Fish That Walks Like Land Vertebrates Could Shed Light On Key Evolutionary Milestone

It's one of the most well-known stages in the evolution of life on this planet that at some point in our distant past, about 375 million years ago actually, life emerged from the sea to walk on land— turning from fish that swim to vertebrates that walk.

How exactly this key stage happened is still a bit of a mystery, but researchers have discovered a cavefish known as Cryptotora thamicola which could help us understand more. The fish, which lives in caves in Thailandm has some unusual anatomical features which allow it to walk and climb about on waterfalls in a similar way to tetrapods, or four-legged animals.

This ability is not known to exist in any other living fish and gives scientists a chance to study how the anatomy which allows a species to walk on land evolved from fins to legs and feet. Because the cavefish has both the features of a fish along with those associated with our early land-walking ancestors, like a pelvis.

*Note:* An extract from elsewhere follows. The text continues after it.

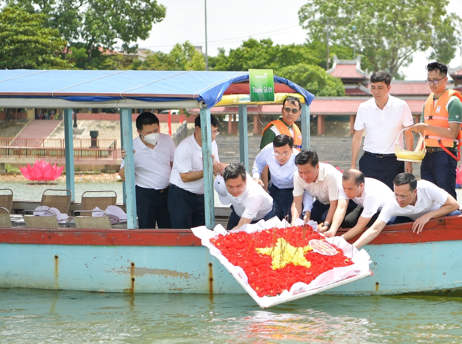 Các đ/c lãnh đạo Vietcombank và lãnh đạo tỉnh Quảng Trị thả hoa tri ân các AHLS trên dòng sông Thạch Hãn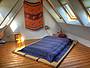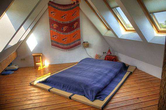 offene Schlafgalerie über dem Wohnzimmer mit japanischem Futon

The research has been published in a report called "Tetrapod-like pelvic girdle in a walking cavefish" by Brooke E. Flammang, Daphne Soares, Julie Markiewicz and Apinun Suvarnaraksha.

In the report Flammang says about Cryptotora thamicola's unique features, "It possesses morphological features that have previously only been attributed to tetrapods. The pelvis and vertebral column of this fish allow it to support its body weight against gravity and provide large sites for muscle attachment for walking. This research gives us insight into the plasticity of the fish body plan and the convergent morphological features that were seen in the evolution of tetrapods."

Further study of the fish should hopefully give the scientists ideas about how fish begun to walk on land.